Edito du Maire – Septembre 2018 – Un éco-quartier à La Garenne : Histoire d’une négociation

Je voudrais débuter cette année scolaire par une très bonne nouvelle pour La Garenne. Depuis une centaine d’années, le bureau d’étude de la société PSA occupait un très grand terrain à La Garenne, situé le long de la rue des Fauvelles.

Il y a un an, le groupe a décidé de quitter La Garenne pour regrouper ses activités à Poissy, tout en conservant sa succursale dans notre commune. Quelques mois plus tard, PSA nous informait qu’il s’apprêtait effectivement à vendre son terrain à Engie. Le projet d’Engie est très beau : il consiste en la construction d’un campus qui accueillera toutes les activités « développement durable » du groupe.

Mais pour la commune, ce projet n’était pas suffisant. Dans notre esprit, le déménagement de PSA devait être  une opportunité unique d’améliorer tout le quartier, et d’organiser en particulier le relogement et la modernisation du dépôt d’autobus voisin.

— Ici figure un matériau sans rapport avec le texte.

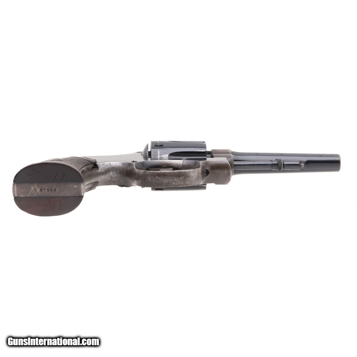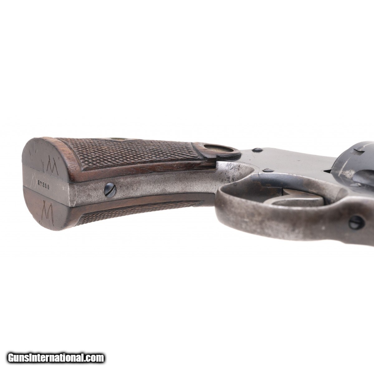 Description: "Serial No. 87899, circa 1920's, .32 W.C.F., 4"" round barrel. 55% dull blue remains, expected loss due to holster and handling wear is visible. Serial numbers are matching, bore is good with light frosting visible in the grooves, rifling remains strong. Brown checkered grips show light wear, mostly on the bottom with the initials ""W"" carved in. Action indexes correctly with a tight lock up. SOLD Curio/Relic: Yes |

Nous avons donc indiqué à PSA que nous soutiendrions le projet d’installation d’Engie, qui apportera plusieurs milliers d’emplois à la commune (et donc autant de clients pour nos commerces), à plusieurs conditions. Parmi ces conditions, nous souhaitions que soit rétrocédé gratuitement à la commune un parc de deux hectares (qui est une surface considérable en pleine ville), que le dépôt de bus soit enfoui au moins partiellement, que des voiries et des équipements publics soient prévus à la charge de l’aménageur, et que le nouveau quartier, compris grossièrement entre la rue des Fauvelles, la rue Jules Ferry, la rue Pasteur et le Boulevard National, soit ouvert sur le reste de la commune. Toutes ces conditions ont été finalement acceptées.

Nous avons demandé que les trottoirs de la rue des Fauvelles et du Boulevard National soient élargis, qu’une crèche, un établissement scolaire et deux gymnases soient financés par le projet.

Les parties (Engie, PSA, RATP, l’Etat) ont également accepté que le futur quartier réponde aux critères d’un éco-quartier.

Enfin, la société Nexity, qui construira pour Engie, nous soumettra un volume de 10 à 20 000 m2 afin d’y accueillir un établissement scolaire de second degré. Dans mon esprit, j’aimerais que La Garenne accueille un collège et/ou un lycée international.

Le projet mettra sans doute une dizaine d’années à se faire complètement. Mais dès 2022, les premiers bâtiments Engie verront le jour, ainsi qu’un hôtel qui sera situé sur le boulevard National. Il y aura aussi quelques logements repartis autour du parc et des commerces. Le grand parc verra le jour à ce moment et nous avons obtenu l’accord de principe d’Engie pour que son propre parc puisse être partiellement accessible au public, agrandissant d’autant le notre.

Je ne cache pas que pour imposer nos conditions aux différents partenaires, la Ville a du menacer de préempter le terrain et de bloquer toute l’opération. La négociation a été dure mais nous avons eu gain de cause pour le plus grand bénéfice de la commune. La fermeté a payé.

Les différents acteurs ont accepté de se partager la charge financière des exigences de la commune. L’Etat, d’abord sceptique sur la capacité de la Ville à imposer ses vues, nous a finalement accompagné quand il a compris notre détermination. Dans la partie qui s’est jouée, le soutien de l’établissement de la Défense  avec son président Patrick Devedjian a été capital.

Je vous tiendrai personnellement au courant de l’évolution de ce très beau projet qui connaîtra des adaptations tout au long de sa réalisation. Comme je l’ai fait dans cette première étape de négociation, vous pouvez compter sur ma vigilance et ma détermination à faire de ce quartier un magnifique endroit.